FIGS. 3 to 6 illustrate experimental results according to the present disclosure.

FIG. 7 illustrates the system structure of a device for generating super-resolution images according to the present disclosure.

FIG. 8 illustrates a system for generating super-resolution images according to the present disclosure.

DETAILED DESCRIPTION

Specific structural or functional descriptions in the embodiments of the present disclosure introduced in this specification or application are only for description of the embodiments of the present disclosure. The descriptions should not be construed as being limited to the embodiments described in the specification or application. The present disclosure may, however, be embodied in many different forms, but should be construed as covering modifications, equivalents or alternatives falling within ideas and technical scopes of the present disclosure. Further, since effects disclosed herein do not mean that a specific embodiment should include all or only the effects, the scope of the present disclosure should not be construed as being limited thereto.

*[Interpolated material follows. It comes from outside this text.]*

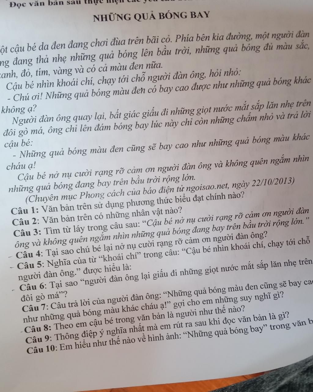 Cậu bé nở nụ cười rạng rỡ vì : Người thả bóng bay đã trả lời cậu bé rất nhẹ nhàng và tử tế mà không hề phân biệt . Còn vì những quả bóng đen cũng bay cao như những quả bóng khác. Đó không chỉ đơn giản là câu trả lời cho câu bé , mà còn là trả lời cho câu hỏi trong lòng cậu '' Người da đen có giống như những người có màu da khác không?'' Nụ cười của cậu là niềm vui,vui vì sự trân trọng và không hề phân biệt chủng tộc của người thả bóng bay

Meanwhile, the meaning of terms described herein will be understood as follows.

It will be understood that, although the terms “first”, “second”, etc. may be used herein to distinguish one element from another element, these elements should not be limited by these terms. For instance, a first element discussed below could be termed a second element without departing from the teachings of the present disclosure. Similarly, the second element could also be termed the first element.

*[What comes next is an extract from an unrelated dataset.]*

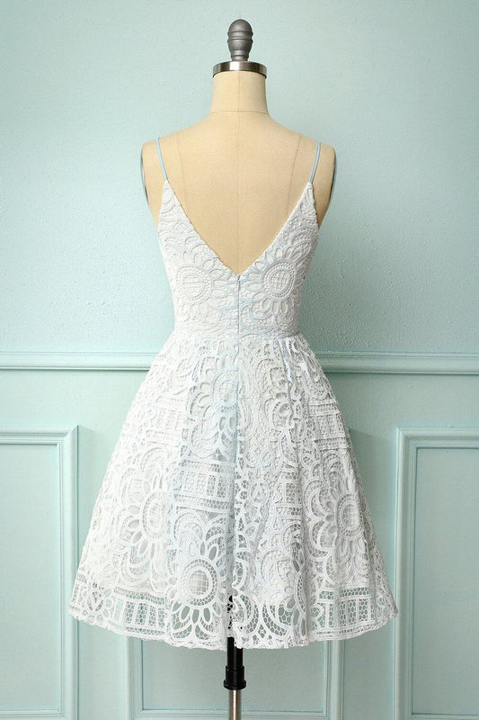 White Lace A-line Short Dress Homecoming Dress fg3744

It will be understood that when an element is referred to as being “coupled” or “connected” to another element, it can be directly coupled or connected to the other element or intervening elements may be present therebetween. In contrast, it should be understood that when an element is referred to as being “directly coupled” or “directly connected” to another element, there are no intervening elements present. Other expressions that explain the relationship between elements, such as “between”, “directly between”, “adjacent to” or “directly adjacent to” should be construed in the same way.

In the present disclosure, the singular forms are intended to include the plural forms as well, unless the context clearly indicates otherwise. It will be further understood that the terms “comprise”, “include”, “have”, etc. when used in this specification, specify the presence of stated features, integers, steps, operations, elements, components, and/or combinations of them but do not preclude the presence or addition of one or more other features, integers, steps, operations, elements, components, and/or combinations thereof.

In each step, reference characters (e.g. a, b, c, etc.) are used for the convenience of description. The reference characters do not designate the order of the steps, and the steps may be performed in a different order unless the context clearly indicates otherwise. That is, the steps may be performed in the specified order, may be performed substantially simultaneously, or may be performed in a reverse order.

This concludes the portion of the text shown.